» **Goal of the exercise**
Word for word, repeat all the entries below, but without the pictures.

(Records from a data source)
______

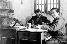 1938年,吴克坚任《新华日报》总编辑,他将刊物作为阵地公开宣传抗日救国方针。图为1939年,吴克坚与熊瑾玎(左一)、潘梓年(中)在重庆《新华日报》社办公室
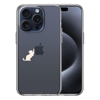 iPhone15Pro ケース クリア 猫 リンゴ キャッチ ホワイト スマホケース 側面ソフト 背面ハード ハイブリッド 送料無料
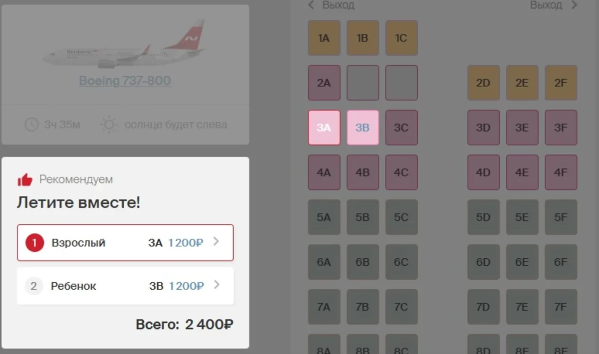 Более того, у «Аэрофлота», например, выбор места для взрослого пассажира – участника бонусной программы – оказался в два раза дешевле, чем для ребенка в том же бронировании.
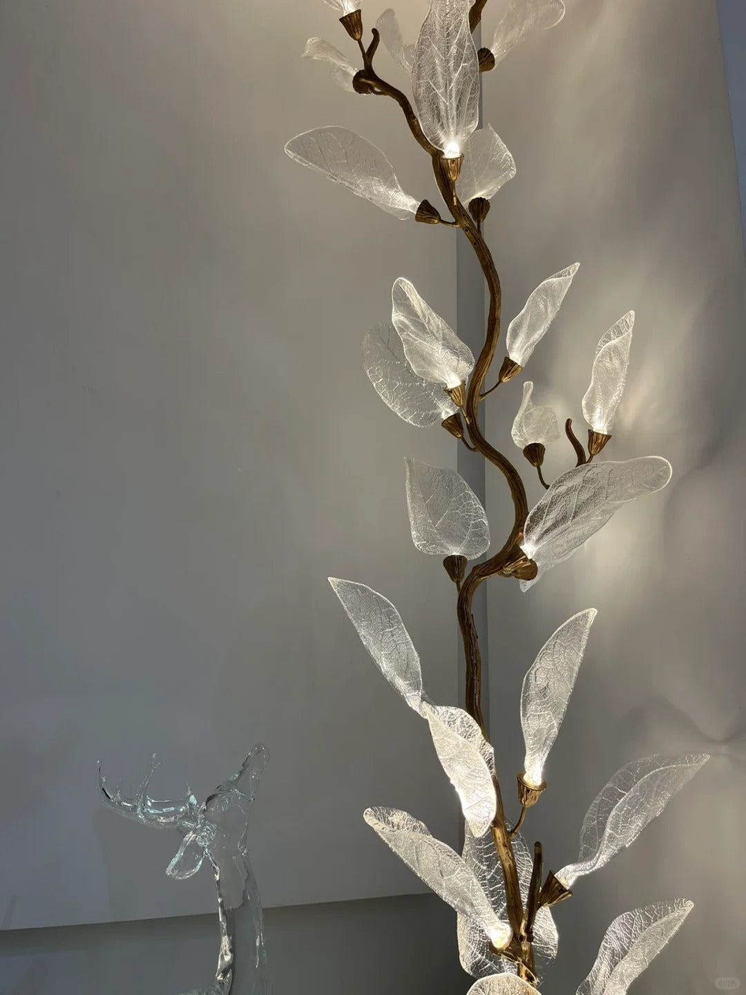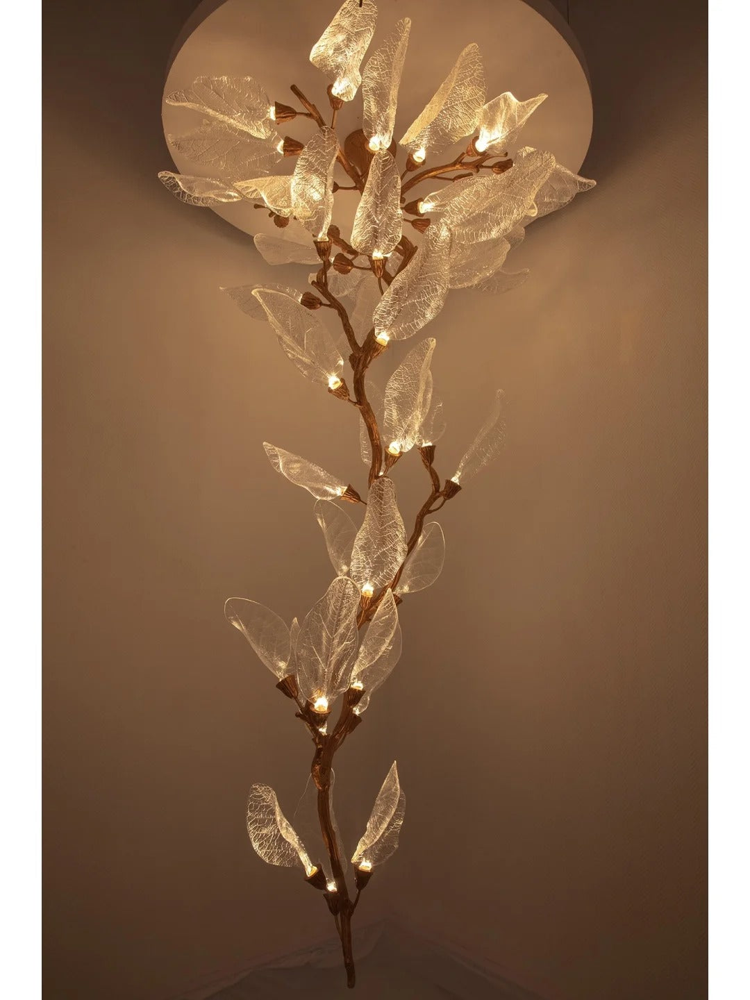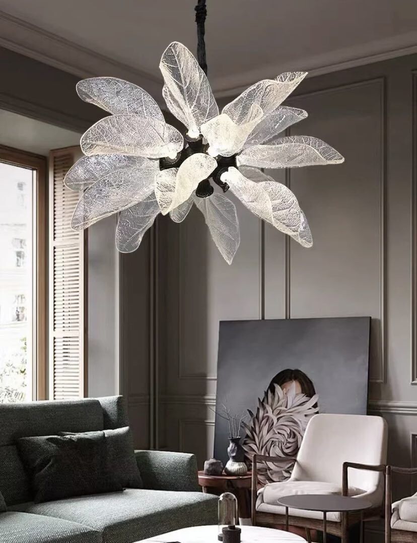 The body of the artistic chandelier is made of resin and iron material.This chandelier features its clear flower design trimmed with eighteen resinous, vivid petals, whose veins are elaborately carved as if it were real.Each petal contains one single bulb, diffusing and softening the illumination in a moderate and gentle way, creating an elegant and graceful ambience in any space.Ideal for modern lighting in the living room, girl's bedroom or dining room.
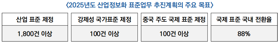 □ 공업신식화부는 ‘2025년도 산업정보화 표준업무 추진계획’을 발표하고, 산업표준 1,800건 이상 제정 및 국제표준 도입률 88% 달성을 목표로, 7대 분야 26개 과제를 제시(25.4.8)
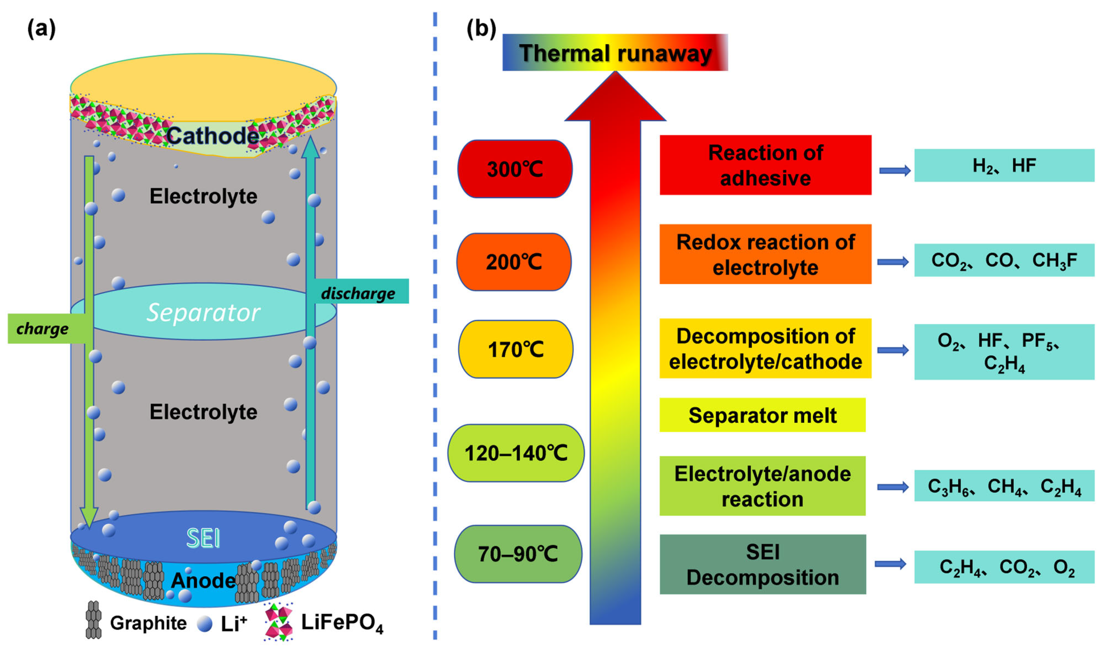- Qian, Y.; Zhao, Y.; Li, Z.; Wang, Q.; Zhao, Y. Gas detection technology for thermal runaway of lithium-ion batteries. Front. Phys. 2025, 13, 1615872. [Google Scholar] [CrossRef]

______

» **Solved problem**
 1938年,吴克坚任《新华日报》总编辑,他将刊物作为阵地公开宣传抗日救国方针。图为1939年,吴克坚与熊瑾玎(左一)、潘梓年(中)在重庆《新华日报》社办公室
 iPhone15Pro ケース クリア 猫 リンゴ キャッチ ホワイト スマホケース 側面ソフト 背面ハード ハイブリッド 送料無料
 Более того, у «Аэрофлота», например, выбор места для взрослого пассажира – участника бонусной программы – оказался в два раза дешевле, чем для ребенка в том же бронировании.
 The body of the artistic chandelier is made of resin and iron material.This chandelier features its clear flower design trimmed with eighteen resinous, vivid petals, whose veins are elaborately carved as if it were real.Each petal contains one single bulb, diffusing and softening the illumination in a moderate and gentle way, creating an elegant and graceful ambience in any space.Ideal for modern lighting in the living room, girl's bedroom or dining room.
 □ 공업신식화부는 ‘2025년도 산업정보화 표준업무 추진계획’을 발표하고, 산업표준 1,800건 이상 제정 및 국제표준 도입률 88% 달성을 목표로, 7대 분야 26개 과제를 제시(25.4.8)
- Qian, Y.; Zhao, Y.; Li, Z.; Wang, Q.; Zhao, Y. Gas detection technology for thermal runaway of lithium-ion batteries. Front. Phys. 2025, 13, 1615872. [Google Scholar] [CrossRef]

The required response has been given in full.